同業の利央に知られたら確実に説教案件だ。ていうかもうされた。利央の家に泊まるときは毎回。モデルとしての意識が足りないとかなんとか。その顔でなければ炎上もんだとも言われた。反論? 特にない。自他ともに認める事実である。




(また黒染めしねえといけねえのか、めんどいな。1回じゃあんま色が入んねえんだよな。……でも、ドラマ撮影に支障があるなら、まあ、仕方ねえか)




一応、この体が売り物だ。
今日現場にいないマネージャーに、メールで美容院の予約を頼んでおいた。

その後、風都に言われたとおりヘアメイクのスタッフにメイク直しのついでに髪の応急処置をしてもらい、次の出番に控えた。

チームの連携により撮影が巻きで進んでいく。何カットか立て続けに撮り終え、監督と助監督のモニターチェックが入る。




「うん、いいね。さっきはパトカーのサイレン入っちまったけど、今回は問題なさそうだ」

「RIOくんの演技もハマってましたね! 演技未経験者に1人2役はきついと思ってましたけど……やはり風都監督は見識が高い。さすがです」

「そんなことないさ。RIOくんの実力だ」

「監督のアドバイスが適格なんですよ! それ聞いて2テイク目でバチッとキメてきましたし!」

「三度目の正直で期待超えてきたよ。彼はこれから伸びるだろうな。
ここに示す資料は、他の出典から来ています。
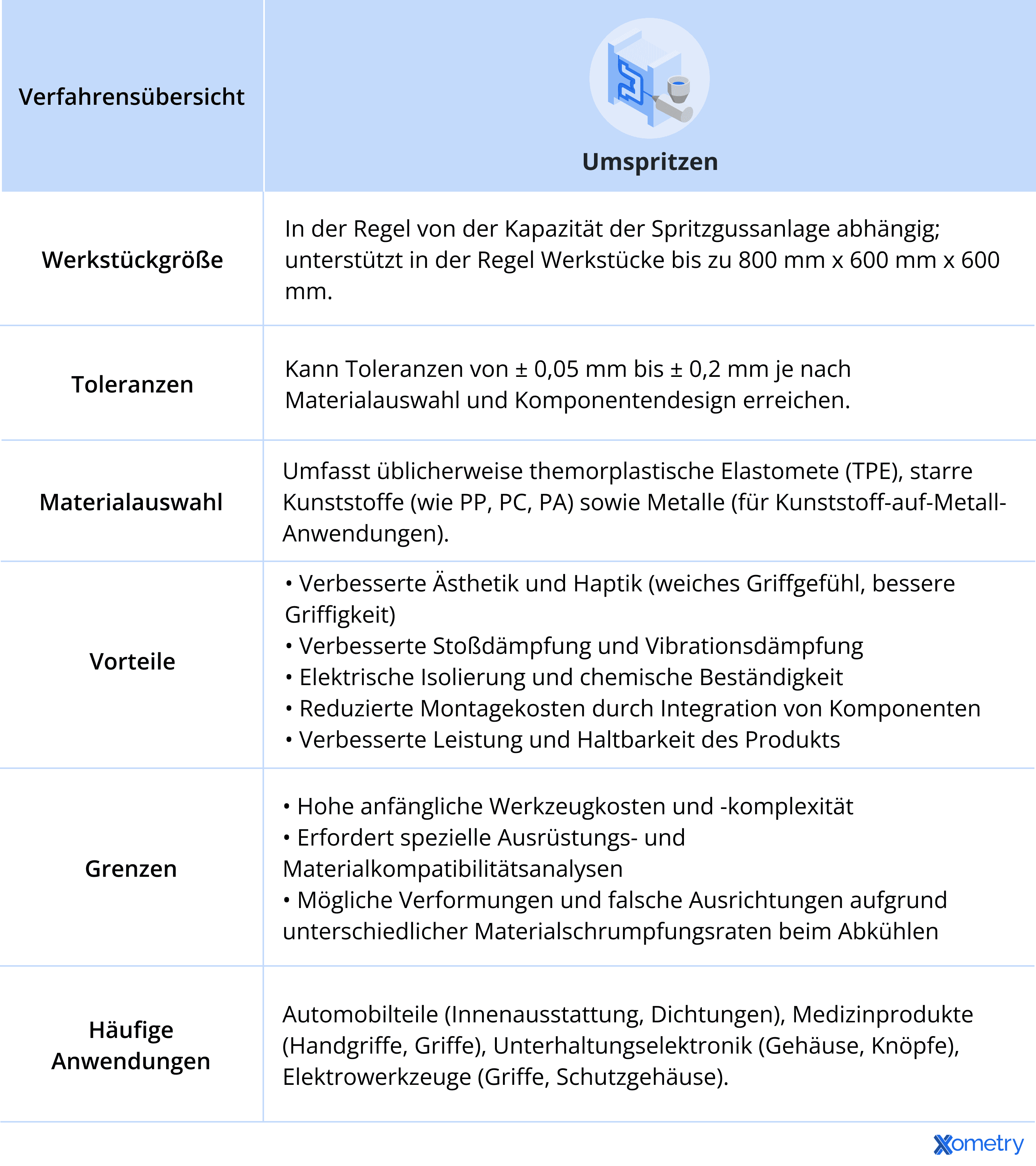 Die folgende Tabelle bietet einen kurzen Überblick über die wichtigsten technischen Details, Materialien und Vorteile des Umspritzens.

うれしいよ、デビュー作に関われて」

「RIOくん本番強いっすよね。だてに激戦のモデル業界で生き抜いてるだけありますわ」

「円に触発されたのもあるかもな」

「あー、たしかに。成瀬くんの演技もよかったですもんね。毎回成長していって、今日なんかちょっと泣きそうになっちゃいましたよ僕」


「Yeah,yeah,for sure! これもすべてセーイチロー殿の信頼あってこそ!」

「へえ、ドラマ撮影ってあんな感じなんだ。すっげ」



(…………ん?)




道端で水を飲んで休んでいた成瀬は、声の種類が増えたのを敏感に察知した。

風都と話していた助監督も、違和感のアンテナが立つ。


ロケ実施中の道沿いは、撮影班が占拠している。繁華街が近いものの関係者以外おらず、その関係者すら少数精鋭でそう多くはない。おかげでシリアスなシーンに専念できた。

野次馬がいない気楽さを覚えてしまった助監督は、しかし突如として聞こえてきた謎の声にぎょっと振り返る。




「き、君たちなんでここに!?」




いる、めちゃくちゃいる。
冬休み明けと思しき学生が、ざっと10名ほど。なかには白薔薇学園の制服の子もいて目を疑った。